The issue of illicit drug policy is once again on the official agenda of the Canadian government. Thirty years after the LeDain Commission’s thorough, evidence-based inquiry into the non-medical uses of drugs, it appears as though the government is preparing to address some of the long-standing concerns in this highly politicized issue area. From cannabis to corrections, major changes are being considered for Canadian drug laws and policies. Signs of change are numerous and include:

  • Health Canada implemented a program allowing for the cultivation, possession and use of marijuana for medical purposes (July 2001).
  • Correctional Service Canada released a report stating that it was considering removing THC from the list of substances it screens in the urinalysis of prisoners on conditional release in the community (January 2002).
  • The Senate Special Committee released its Report on Cannabis which recommended the legalization of marijuana and amnesty for all those who have been convicted of possession (September 2002).
  • The House Special Committee on the Non-Medical Use of Drugs issued a report which called for the decriminalization of cannabis (November 2002).
  • Health Canada made a decision to allow cities to apply for permits to pilot test supervised injection facilities for intravenous drug users (December 2002).
  • Two recent Ontario court rulings found that Canadian cannabis laws are too incoherent to allow convictions for possession of cannabis (January 2003).

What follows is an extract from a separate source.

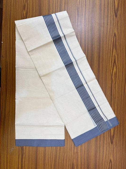 20% Discount! KaithariKada Balaramapuram 100% Cotton Off white Double Mundu/Dhoti - (100x80)S - 1.75 inch Steel Blue & Silver Kasav Striped Kara - 4mtr (8.5muzham) - 80 KK5255 VAS
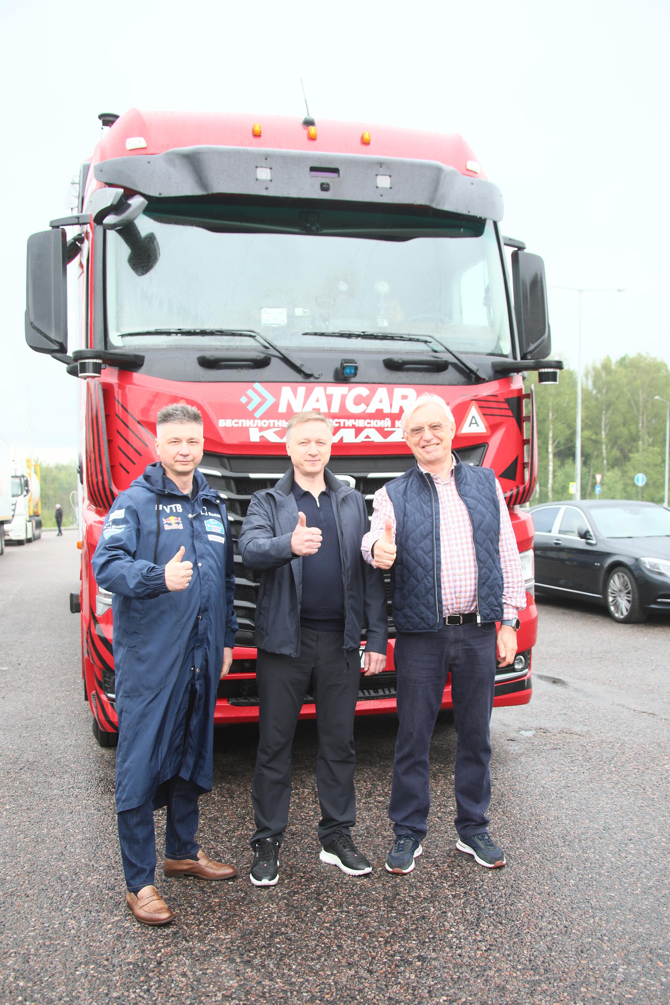 В проезде также принял участие заместитель министра промышленности и торговли РФ Альберт Каримов. Он проехал по трассе М-11 на пассажирском сиденье автономного магистрального тягача КАМАЗ первого поколения (МАЯК-1).

These and many other examples suggest that we are in the midst of a “window” of policy change in regard to illicit drugs in Canada. Indeed, the current Liberal Government has announced its intention to introduce a bill to decriminalize cannabis in mid-2003. Although the outcomes of these changes are still to be determined, most observers agree that change is inevitable, and that meaningful reforms are on the horizon.

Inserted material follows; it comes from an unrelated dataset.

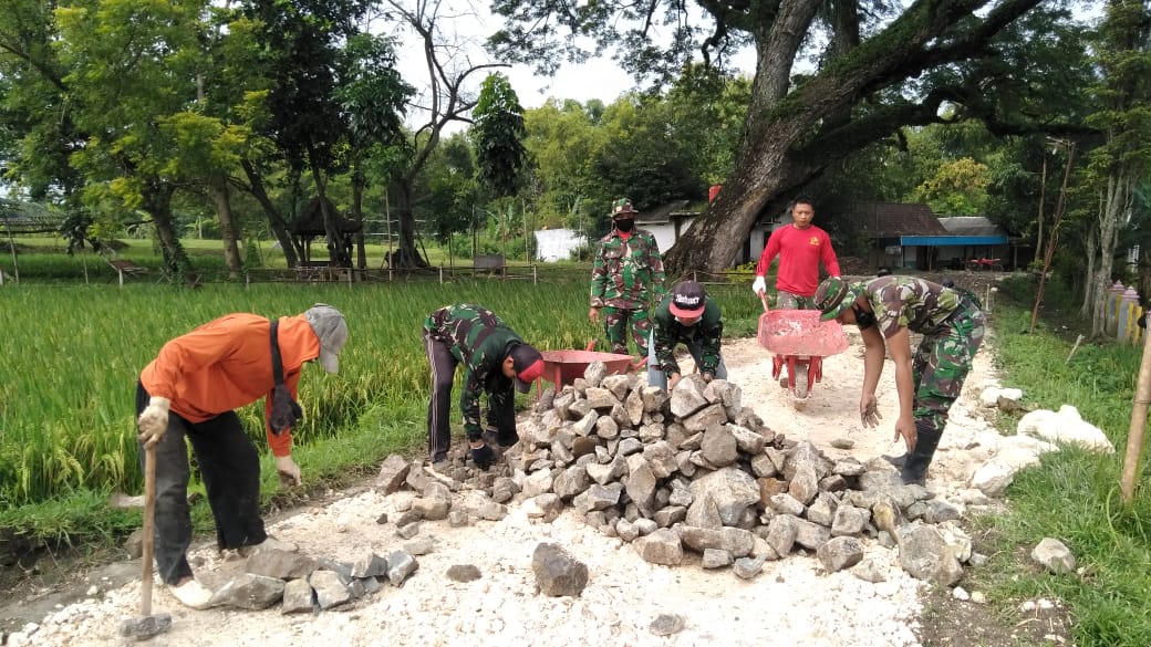 Bojonegoro-Anggota Satgas TMMD ke-110 Kodim 0813/Bojonegoro bersama warga Dusun Kramanan, Desa Jatimulyo, Kecamatan Tambakrejo, bergotong-royong menata dan merapikan material batu di jalan yang akan bangun atau diperbaiki melalui program fisik TMMD ke-110 Kodm 0813/Bojonegoro.

It is within this exciting policy environment that the John Howard Society of Canada supervised the six research projects published in this volume under the Policy Analysis Enhancement Project (PAEP). Funding for the project originated from the Voluntary Sector Initiative of the Privy Council with the intent of assisting organizations in the voluntary sector to develop expertise in policy analysis. The PAEP is a two-year project that takes select members of voluntary sector organizations and guides them through the creation of policy-relevant research related to Canadian drug policy. This volume presents the research undertaken by the first-year participants of PAEP project.

The articles in this collection look at drug control policy in Canada from a number of different vantage points. They range from an analysis of the differences between contemporary drug control policy in Canadian and the U.S., to considering how the assumption that drugs cause crime has influenced drug control and corrections policy in Canada, to a cost/benefit analysis of expanding methadone maintenance programs in Canadian federal prisons to all who are medically determined to benefit from the therapy.

In her article entitled “Canada’s Drug Laws: Prohibition is Not the Answer,” Giselle Dias, from the Prisoner’s HIV/AIDS Support Network (PASAN), takes a critical look at policies related to drug prohibition. After discussing the origins and development of Canadian drug control laws, her research uses Goldstein’s (1985) tripartite theory relating violence and drugs to argue that the majority of harms associated with illegal drugs are derived not from the use of illicit substances, but from the laws that make them illegal. Her analysis ends with a called for Canada to follow the lead of several European countries and implement pragmatic policies designed to reduce overall harms resulting from illicit drugs in Canada.